Incremental backups on systems with a large number of files

The client can use large amounts of memory to run incremental backup operations, especially on file systems that contain large numbers of files.

The term memory as used here is the addressable memory available to the client process. Addressable memory is a combination of physical RAM and virtual memory.

On average, the client uses approximately 700 bytes of memory per object (file or directory). Thus for a file system with one million files and directories, the client requires, on average, approximately 700 MB of memory. The exact amount of memory that is used per object varies, depending on the length of the object path and name length, or the nesting depth of directories. The number of bytes of data is not an important factor in determining the backup-archive client memory requirement.

The maximum number of files can be determined by dividing the maximum amount of memory available to a process by the average amount of memory that is needed per object.

The total memory requirement can be reduced by any of the following methods:

  • Use the client option memoryefficientbackup diskcachemethod. This choice reduces the use of memory to a minimum at the expense of performance and a significant increase in disk space that is required for the backup. The file description data from the server is stored in a disk-resident temporary database, not in memory. As directories on the workstation are scanned, the database is consulted to determine whether to back up, update, or expire each object. At the completion of the backup, the database file is deleted.
  • Use the client option memoryefficientbackup yes. The average memory that is used by the client then becomes 700 bytes times the number of directories plus 700 bytes per file in the directory that is being processed.

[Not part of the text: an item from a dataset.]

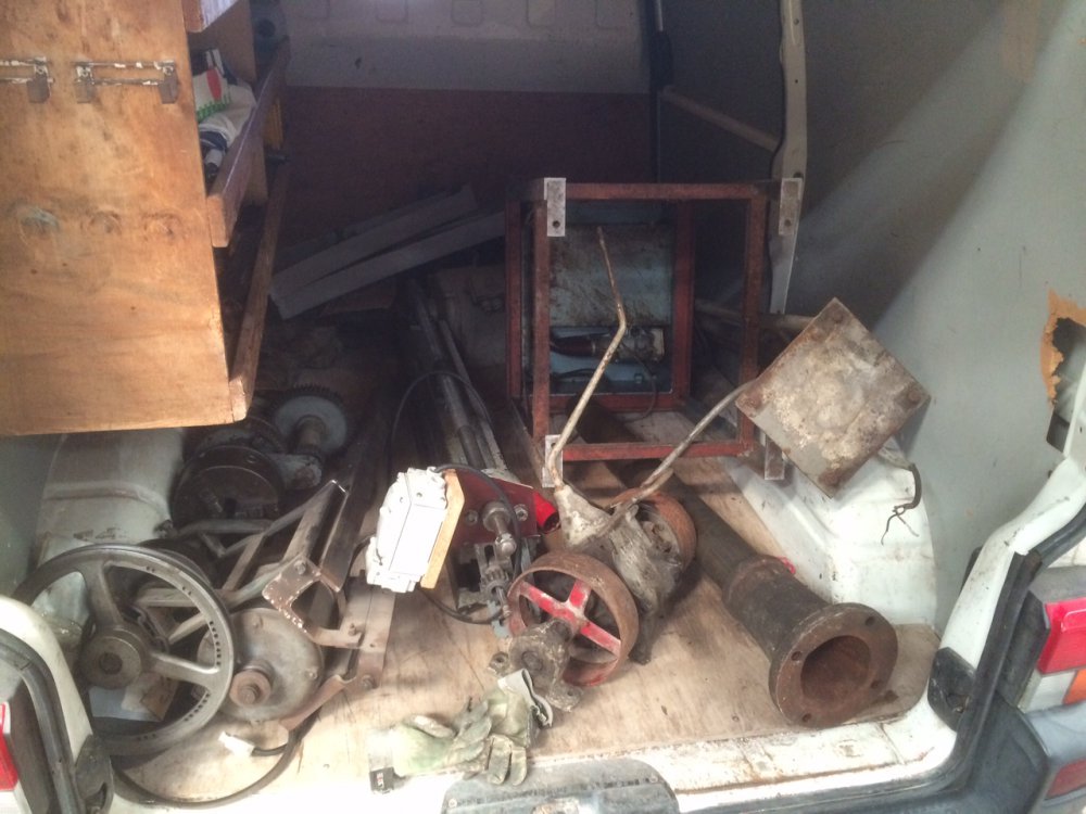 When it's put back together, its supposed to be a lathe, a cold saw and a drill press.. Quite hard to see right now - and damn, it's heavy.. Think I might have stretched it a bit with the vans weigt-limits.

For file systems with large numbers (millions) of directories, the client still might not be able to allocate enough memory to perform incremental backup with memoryefficientbackup yes.
  • Oracle Solaris operating systemsLinux operating systemsAIX operating systemsUNIX and Linux® clients might be able to use the virtualmountpoint client option to define multiple virtual mount points within a single file system, each of which can be backed up independently by the client.
  • If the client option resourceutilization is set to a value greater than 4, and multiple file systems are being backed up, then reducing resourceutilization to 4 or lower limits the process to incremental backup of a single file system at a time. This setting reduces the memory requirement. If the backup of multiple file systems in parallel is required for performance reasons, and the combined memory requirements exceed the process limits, then multiple instances of the backup client can be used to back up multiple file systems in parallel. For example, if you want to back up two file systems at the same time but their memory requirements exceed the limits of a single process, then start one instance of the client to back up one of the file systems, and start a second instance of the client to back up the other file system.
  • Use the - incrbydate client option to perform an "incremental-by-date" backup.
  • Use the exclude.dirclient option to prevent the client from traversing and backing up directories that do not need to be backed up.
  • Oracle Solaris operating systemsLinux operating systemsAIX operating systemsExcept for Mac OS X, use the client image backup function to back up the entire volume. An image backup might actually use less system resources and run faster than incremental backup of some file systems with a large number of small files.
  • Reduce the number of files per file system by spreading the data across multiple file systems.